== Segment start ==

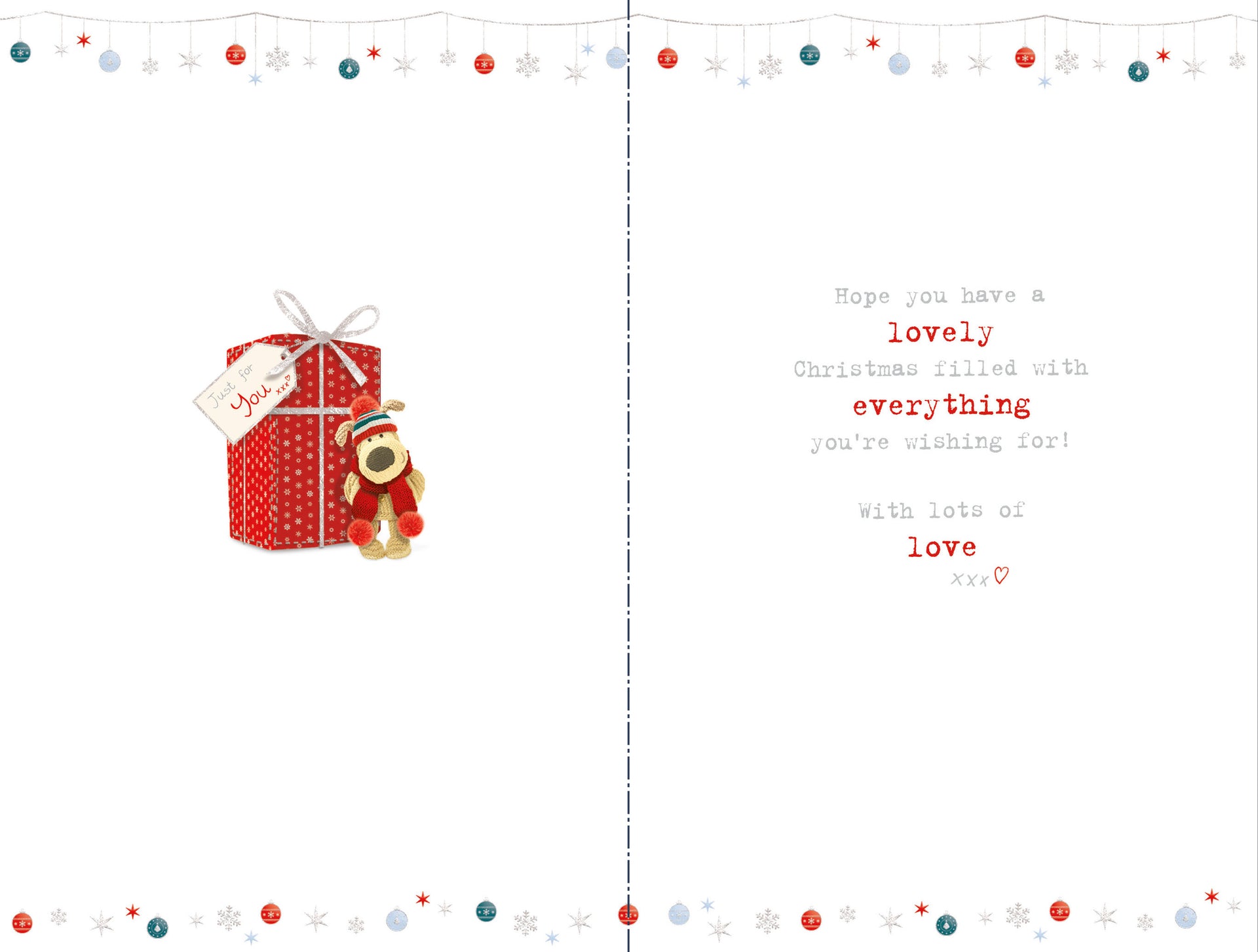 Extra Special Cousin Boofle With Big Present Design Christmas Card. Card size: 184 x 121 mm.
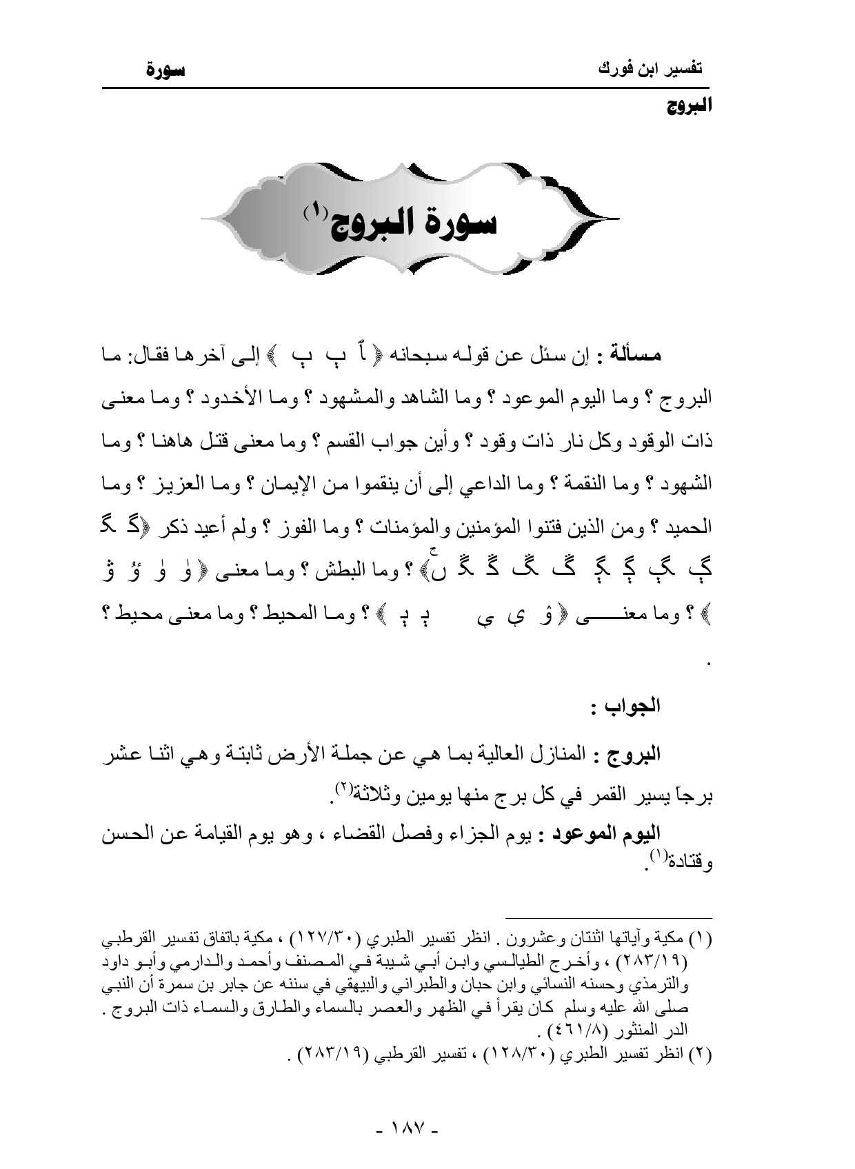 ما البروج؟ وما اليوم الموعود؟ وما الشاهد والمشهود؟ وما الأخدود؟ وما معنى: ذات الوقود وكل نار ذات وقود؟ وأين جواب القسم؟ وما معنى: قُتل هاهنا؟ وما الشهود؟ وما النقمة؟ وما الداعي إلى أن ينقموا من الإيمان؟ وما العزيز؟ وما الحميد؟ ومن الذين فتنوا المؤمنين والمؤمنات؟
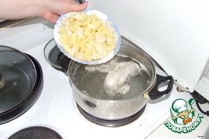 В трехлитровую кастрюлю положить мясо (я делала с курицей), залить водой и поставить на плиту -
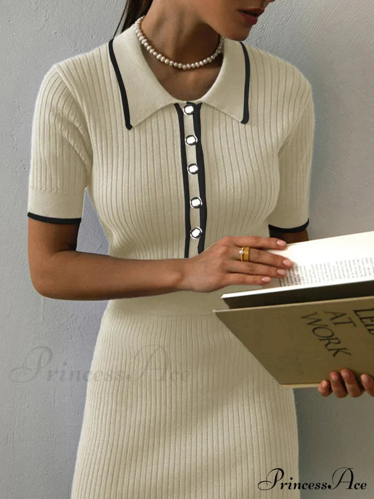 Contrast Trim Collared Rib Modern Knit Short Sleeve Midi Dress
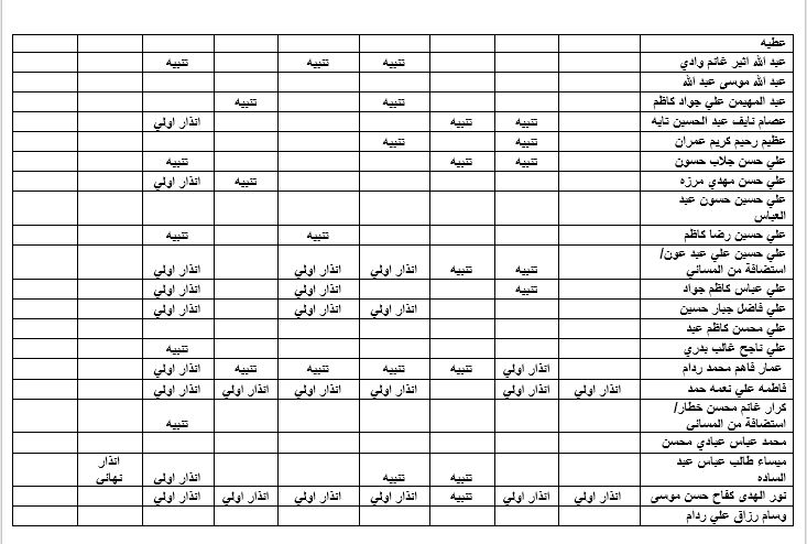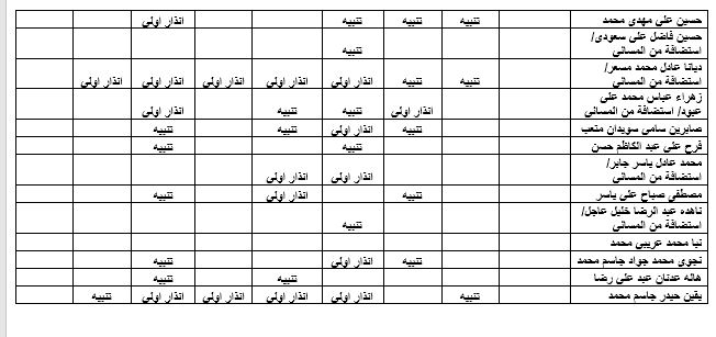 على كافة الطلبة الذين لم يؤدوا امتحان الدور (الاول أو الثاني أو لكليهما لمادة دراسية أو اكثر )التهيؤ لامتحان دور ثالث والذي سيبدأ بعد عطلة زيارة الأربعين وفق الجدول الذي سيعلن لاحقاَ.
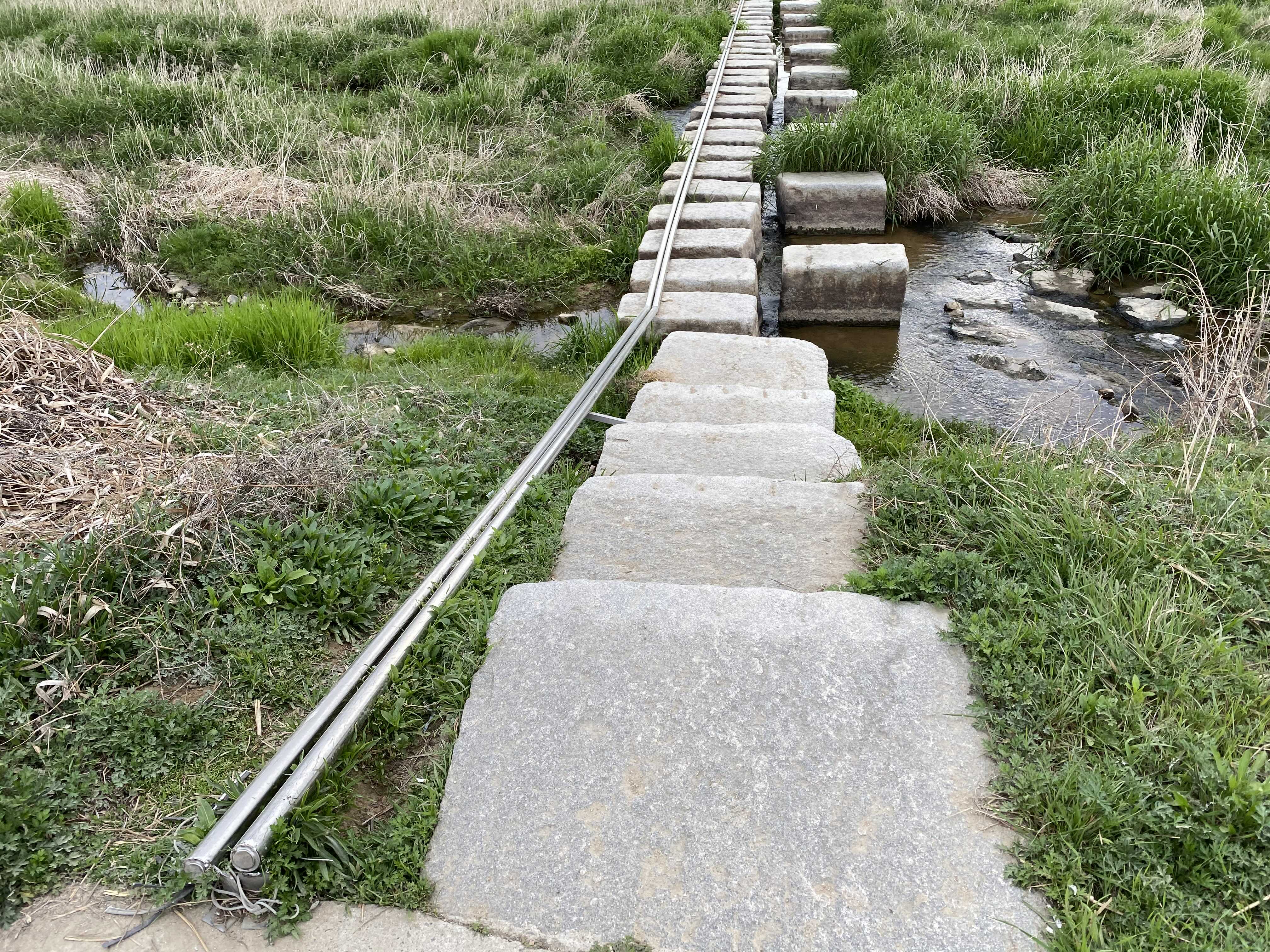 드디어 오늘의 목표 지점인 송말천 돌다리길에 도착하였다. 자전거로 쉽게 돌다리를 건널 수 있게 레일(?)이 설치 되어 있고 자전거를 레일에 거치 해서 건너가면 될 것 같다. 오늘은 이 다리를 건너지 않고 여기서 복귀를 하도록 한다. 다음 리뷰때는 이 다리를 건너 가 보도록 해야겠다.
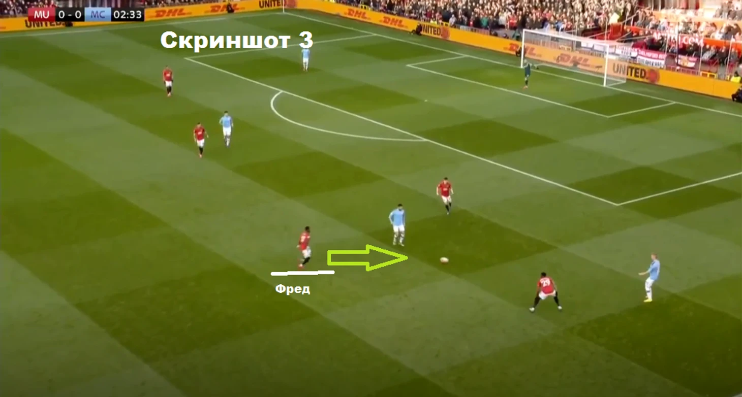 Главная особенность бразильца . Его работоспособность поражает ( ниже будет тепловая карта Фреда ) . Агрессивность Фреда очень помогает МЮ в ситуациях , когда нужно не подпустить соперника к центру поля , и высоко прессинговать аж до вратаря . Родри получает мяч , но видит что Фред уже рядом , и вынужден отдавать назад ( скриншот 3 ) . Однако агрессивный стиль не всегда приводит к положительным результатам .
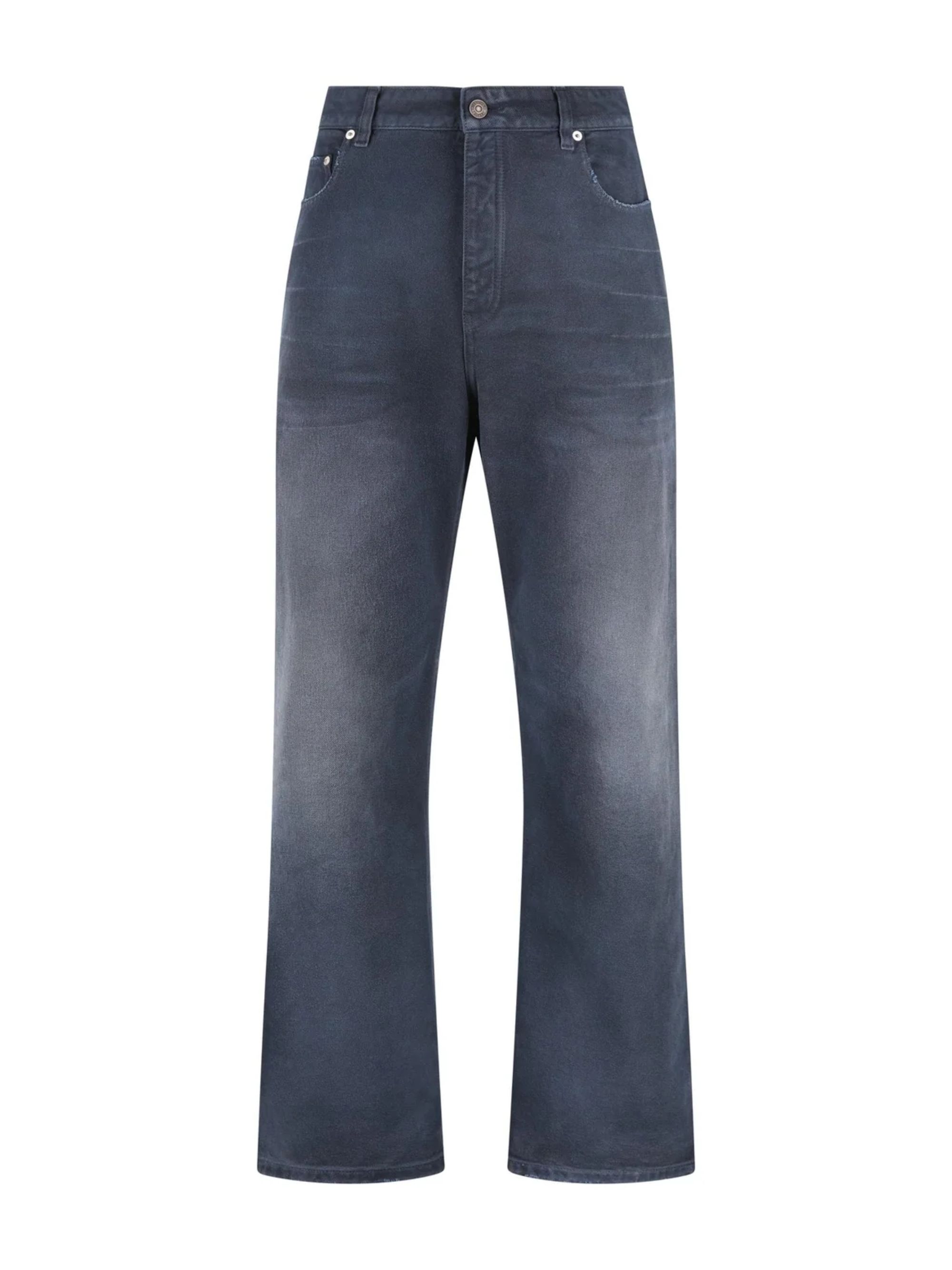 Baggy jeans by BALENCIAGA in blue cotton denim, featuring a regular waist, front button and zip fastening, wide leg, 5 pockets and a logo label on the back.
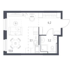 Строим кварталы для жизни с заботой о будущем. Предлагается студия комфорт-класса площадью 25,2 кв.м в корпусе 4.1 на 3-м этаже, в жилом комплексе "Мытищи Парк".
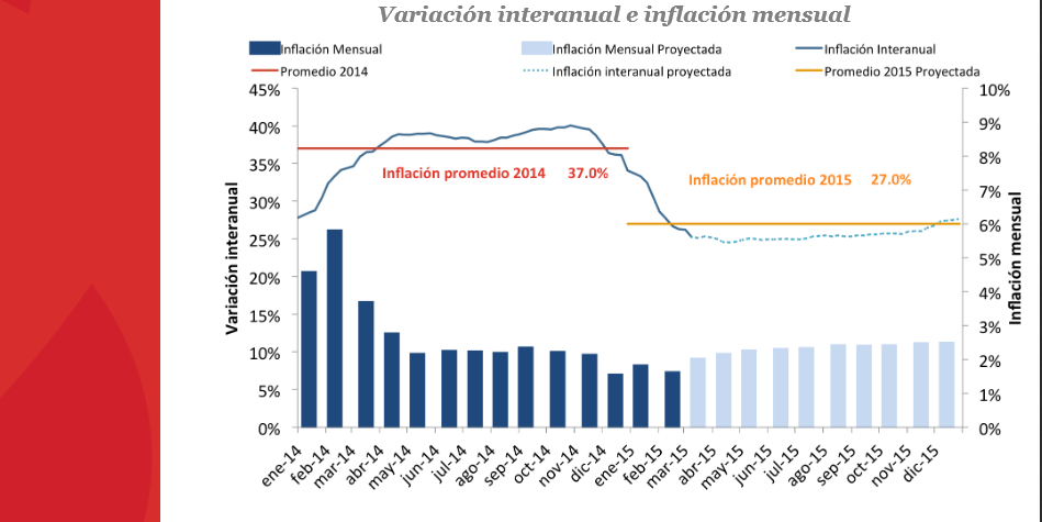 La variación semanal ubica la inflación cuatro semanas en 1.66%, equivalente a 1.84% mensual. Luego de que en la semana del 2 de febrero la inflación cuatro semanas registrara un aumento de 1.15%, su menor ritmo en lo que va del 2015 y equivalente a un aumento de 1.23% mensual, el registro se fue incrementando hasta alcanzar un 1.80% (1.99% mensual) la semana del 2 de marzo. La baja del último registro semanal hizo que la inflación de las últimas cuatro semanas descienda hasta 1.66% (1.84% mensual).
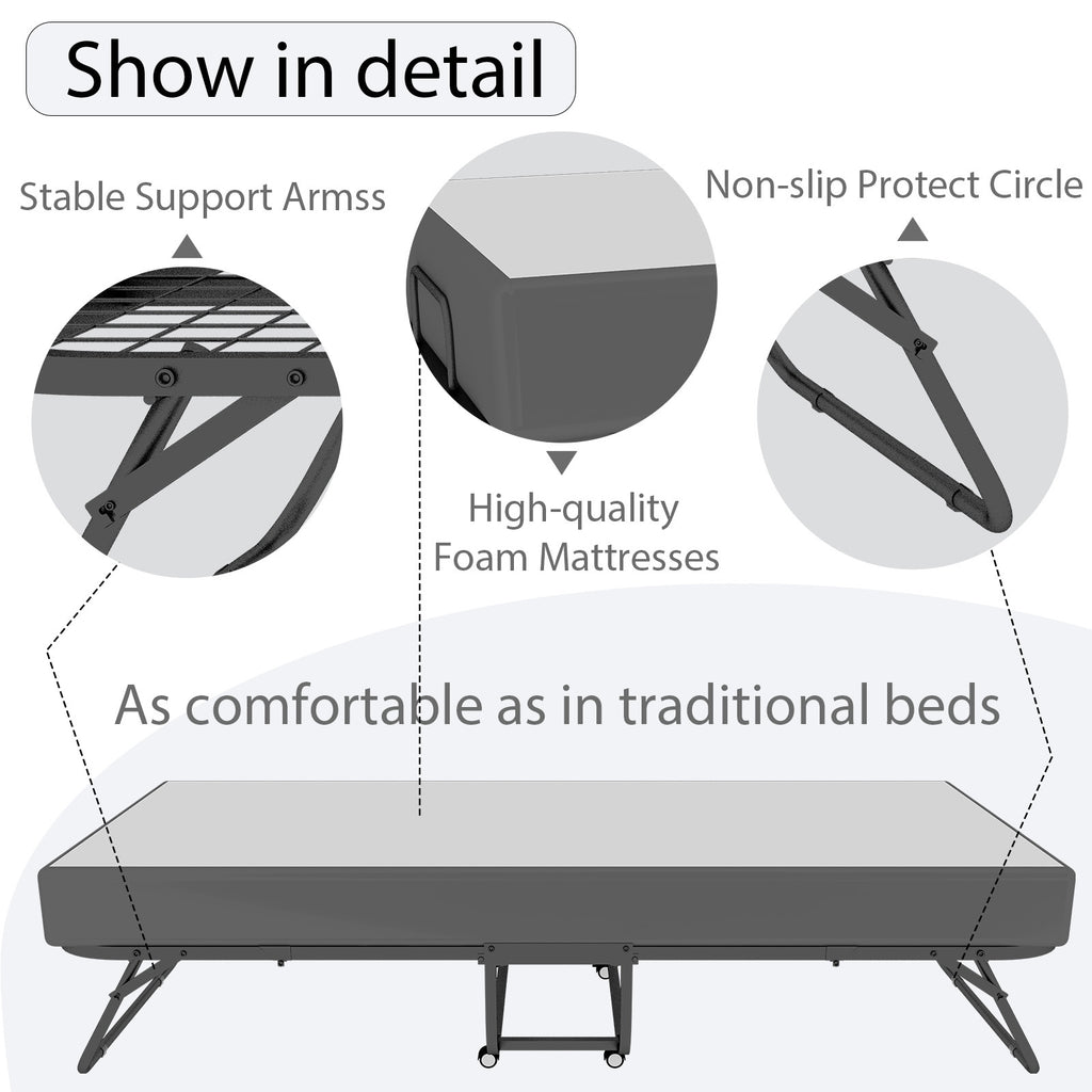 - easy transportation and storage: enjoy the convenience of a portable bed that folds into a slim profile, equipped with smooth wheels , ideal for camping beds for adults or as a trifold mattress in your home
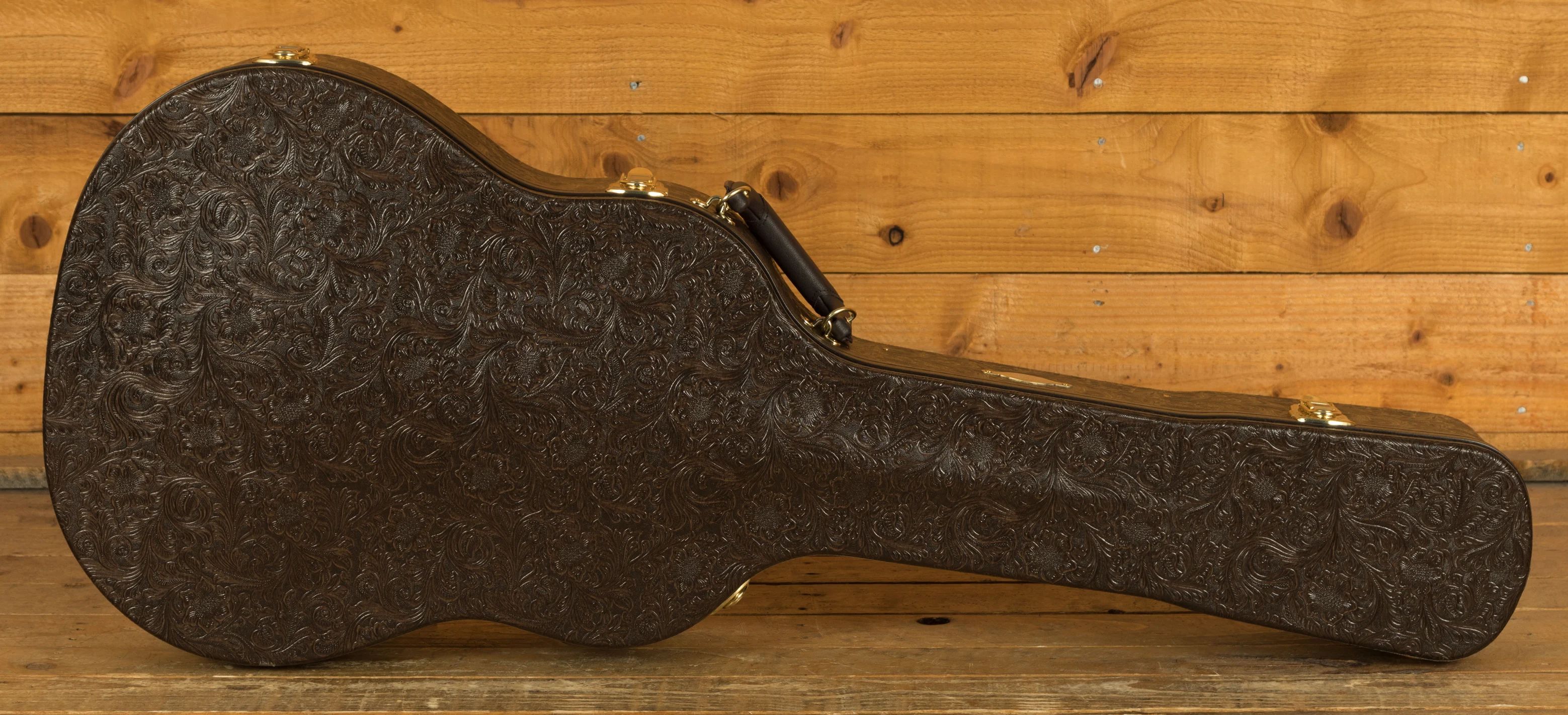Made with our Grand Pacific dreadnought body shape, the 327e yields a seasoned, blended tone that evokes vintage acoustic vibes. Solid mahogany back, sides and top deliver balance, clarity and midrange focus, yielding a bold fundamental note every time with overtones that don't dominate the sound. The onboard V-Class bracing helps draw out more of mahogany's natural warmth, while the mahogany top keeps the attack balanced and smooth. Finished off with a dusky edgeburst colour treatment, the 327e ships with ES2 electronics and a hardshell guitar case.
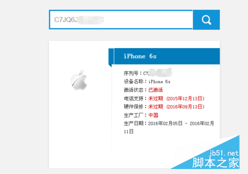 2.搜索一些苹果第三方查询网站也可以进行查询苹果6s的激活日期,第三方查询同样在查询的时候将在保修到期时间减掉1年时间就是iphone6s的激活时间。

== Segment end ==

→ EXERCISE
Start with the line with "Строим кварталы для" in the listing above and stop after the line with "Made with our". Write out exactly the lines in that stretch and no others, without pictures.

→ TASK OUTPUT
 Строим кварталы для жизни с заботой о будущем. Предлагается студия комфорт-класса площадью 25,2 кв.м в корпусе 4.1 на 3-м этаже, в жилом комплексе "Мытищи Парк".
 La variación semanal ubica la inflación cuatro semanas en 1.66%, equivalente a 1.84% mensual. Luego de que en la semana del 2 de febrero la inflación cuatro semanas registrara un aumento de 1.15%, su menor ritmo en lo que va del 2015 y equivalente a un aumento de 1.23% mensual, el registro se fue incrementando hasta alcanzar un 1.80% (1.99% mensual) la semana del 2 de marzo. La baja del último registro semanal hizo que la inflación de las últimas cuatro semanas descienda hasta 1.66% (1.84% mensual).
 - easy transportation and storage: enjoy the convenience of a portable bed that folds into a slim profile, equipped with smooth wheels , ideal for camping beds for adults or as a trifold mattress in your home
Made with our Grand Pacific dreadnought body shape, the 327e yields a seasoned, blended tone that evokes vintage acoustic vibes. Solid mahogany back, sides and top deliver balance, clarity and midrange focus, yielding a bold fundamental note every time with overtones that don't dominate the sound. The onboard V-Class bracing helps draw out more of mahogany's natural warmth, while the mahogany top keeps the attack balanced and smooth. Finished off with a dusky edgeburst colour treatment, the 327e ships with ES2 electronics and a hardshell guitar case.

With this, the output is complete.